**Exercise instructions:**
Below are lines of data, and only some are wanted. Please repeat exactly those from the line that has "招財貓發財樹入戶門口鑰匙收納玄關擺件鞋柜家居裝飾喬遷新居禮品" through the line that has "Create a winter-inspired".

Collection entries
□ □ □ □ □

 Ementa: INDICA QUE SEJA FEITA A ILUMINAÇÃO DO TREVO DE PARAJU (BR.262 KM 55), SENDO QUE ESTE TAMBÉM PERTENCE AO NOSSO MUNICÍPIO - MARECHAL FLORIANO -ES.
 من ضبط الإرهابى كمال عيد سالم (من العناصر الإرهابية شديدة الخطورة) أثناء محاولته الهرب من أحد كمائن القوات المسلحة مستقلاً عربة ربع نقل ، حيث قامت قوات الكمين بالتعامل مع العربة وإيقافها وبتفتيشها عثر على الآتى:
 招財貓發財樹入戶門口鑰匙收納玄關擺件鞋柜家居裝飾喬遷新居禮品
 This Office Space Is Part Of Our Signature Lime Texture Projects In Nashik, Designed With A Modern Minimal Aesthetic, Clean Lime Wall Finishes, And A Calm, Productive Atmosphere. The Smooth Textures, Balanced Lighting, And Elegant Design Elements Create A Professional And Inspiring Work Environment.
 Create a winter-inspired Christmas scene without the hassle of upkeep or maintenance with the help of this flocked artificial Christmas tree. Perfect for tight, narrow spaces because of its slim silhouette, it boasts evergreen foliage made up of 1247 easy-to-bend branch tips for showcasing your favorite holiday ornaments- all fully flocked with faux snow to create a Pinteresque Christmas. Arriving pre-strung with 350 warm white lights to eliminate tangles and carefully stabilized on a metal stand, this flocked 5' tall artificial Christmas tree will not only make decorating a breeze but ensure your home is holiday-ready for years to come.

□ □ □ □ □

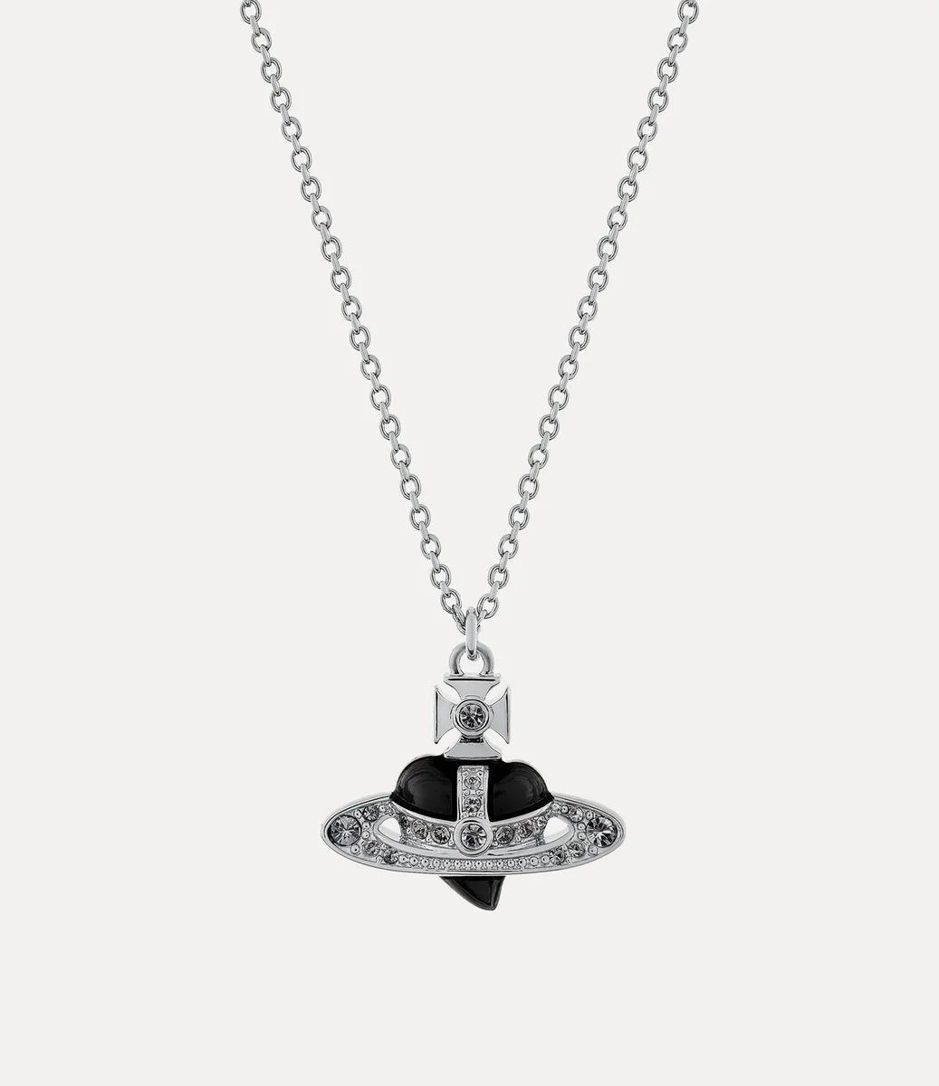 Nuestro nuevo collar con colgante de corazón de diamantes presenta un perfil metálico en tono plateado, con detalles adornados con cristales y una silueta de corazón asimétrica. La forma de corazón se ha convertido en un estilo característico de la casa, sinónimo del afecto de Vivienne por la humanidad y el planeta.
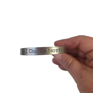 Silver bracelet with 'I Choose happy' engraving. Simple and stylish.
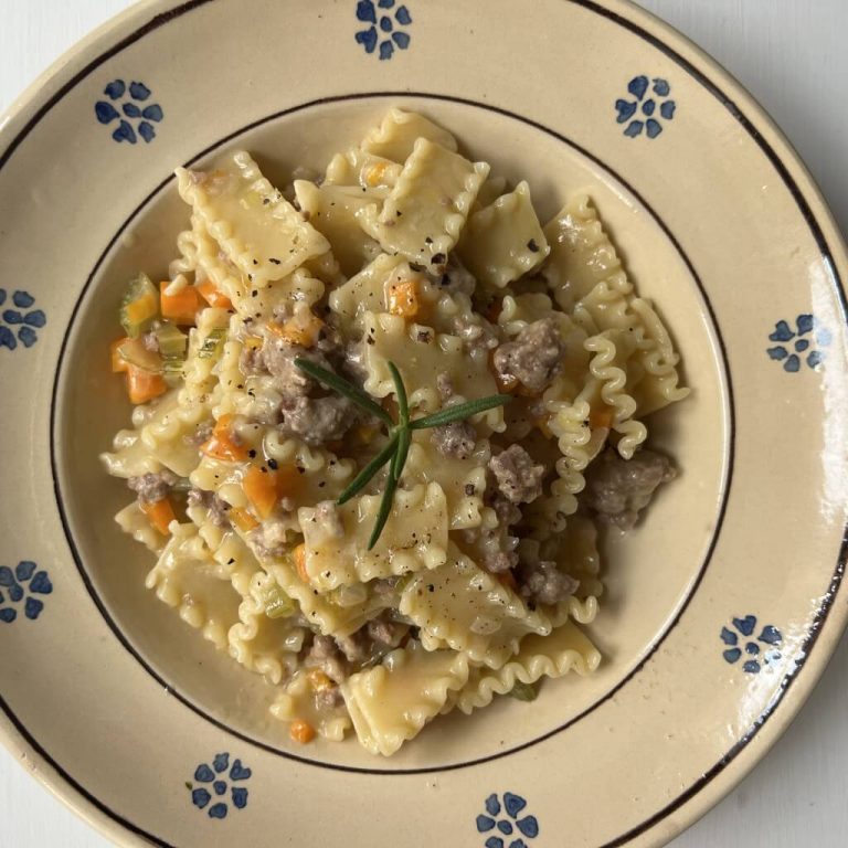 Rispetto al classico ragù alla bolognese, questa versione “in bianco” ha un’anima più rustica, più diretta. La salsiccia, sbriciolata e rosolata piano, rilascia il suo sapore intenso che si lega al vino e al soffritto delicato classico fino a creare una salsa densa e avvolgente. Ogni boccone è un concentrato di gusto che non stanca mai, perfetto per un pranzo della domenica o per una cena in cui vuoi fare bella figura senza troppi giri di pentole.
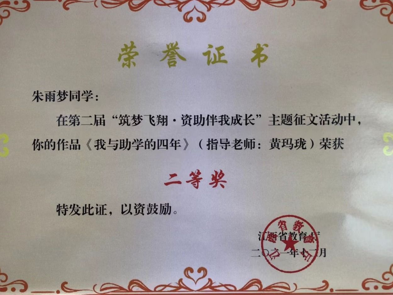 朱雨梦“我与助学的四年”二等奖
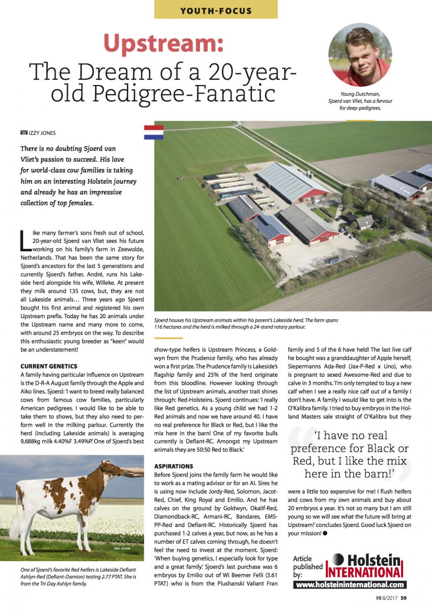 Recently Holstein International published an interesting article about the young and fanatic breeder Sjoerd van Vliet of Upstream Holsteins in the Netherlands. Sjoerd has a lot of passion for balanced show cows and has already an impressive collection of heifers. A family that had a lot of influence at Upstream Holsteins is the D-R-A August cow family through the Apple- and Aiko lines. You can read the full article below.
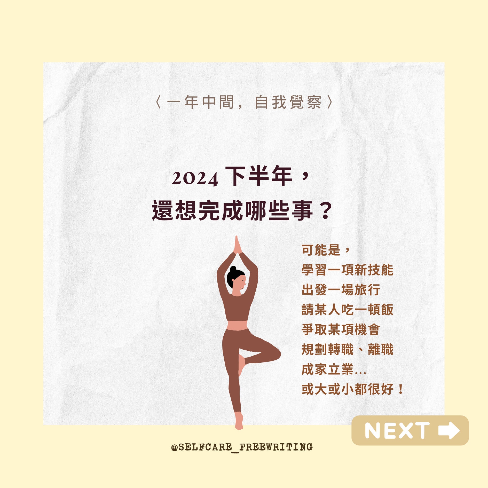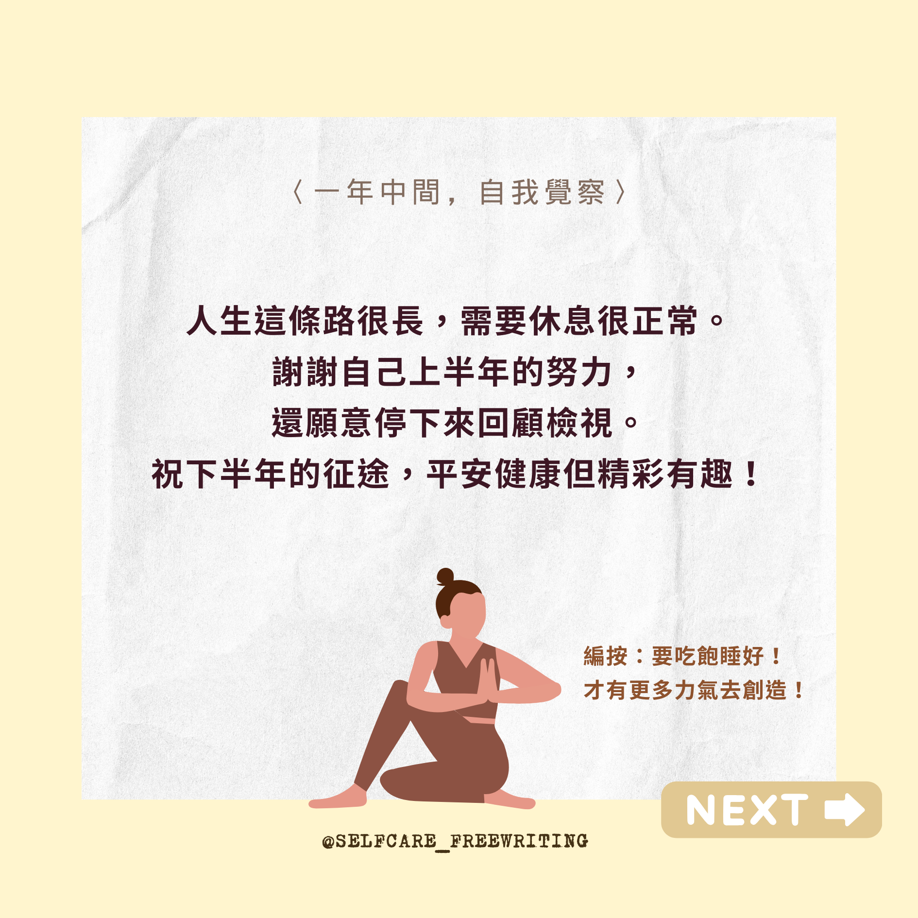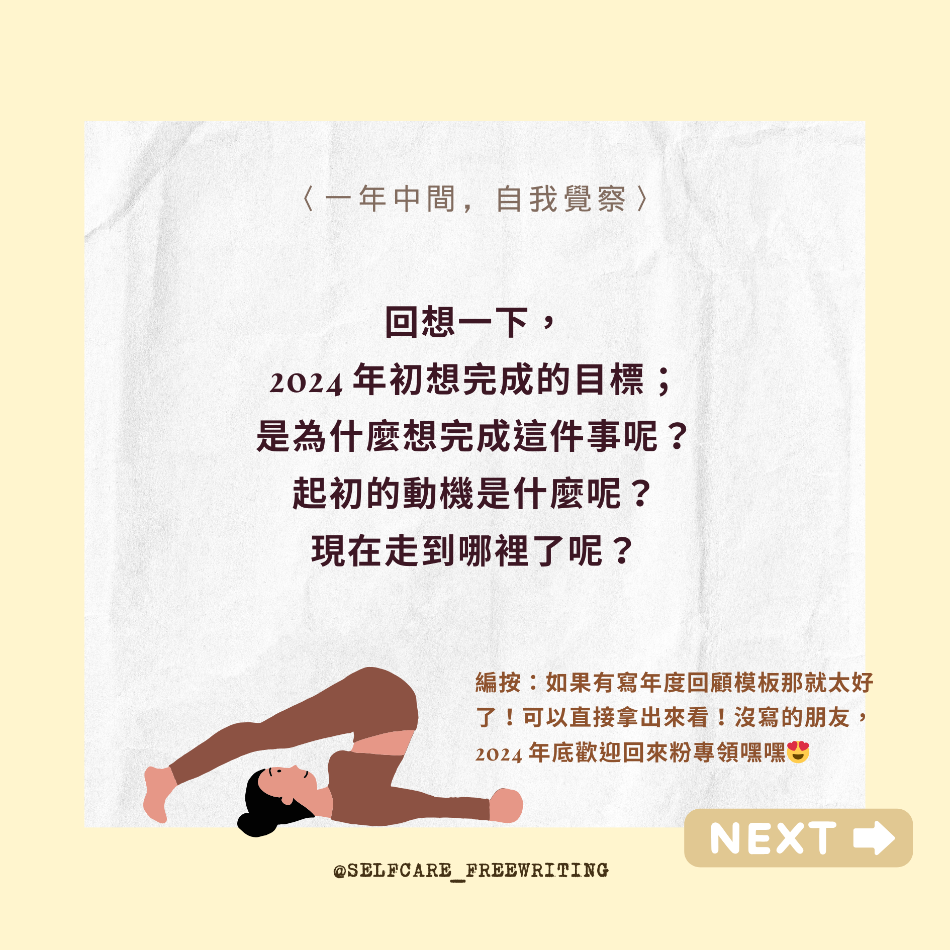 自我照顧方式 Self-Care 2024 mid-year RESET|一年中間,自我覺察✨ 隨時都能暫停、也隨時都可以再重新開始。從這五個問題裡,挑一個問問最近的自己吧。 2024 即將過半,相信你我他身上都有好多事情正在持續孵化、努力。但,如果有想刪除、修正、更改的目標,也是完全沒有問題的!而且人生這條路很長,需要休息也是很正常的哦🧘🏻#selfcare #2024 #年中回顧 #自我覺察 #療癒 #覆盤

□ □ □ □ □

**Answer below:**
 招財貓發財樹入戶門口鑰匙收納玄關擺件鞋柜家居裝飾喬遷新居禮品
 This Office Space Is Part Of Our Signature Lime Texture Projects In Nashik, Designed With A Modern Minimal Aesthetic, Clean Lime Wall Finishes, And A Calm, Productive Atmosphere. The Smooth Textures, Balanced Lighting, And Elegant Design Elements Create A Professional And Inspiring Work Environment.
 Create a winter-inspired Christmas scene without the hassle of upkeep or maintenance with the help of this flocked artificial Christmas tree. Perfect for tight, narrow spaces because of its slim silhouette, it boasts evergreen foliage made up of 1247 easy-to-bend branch tips for showcasing your favorite holiday ornaments- all fully flocked with faux snow to create a Pinteresque Christmas. Arriving pre-strung with 350 warm white lights to eliminate tangles and carefully stabilized on a metal stand, this flocked 5' tall artificial Christmas tree will not only make decorating a breeze but ensure your home is holiday-ready for years to come.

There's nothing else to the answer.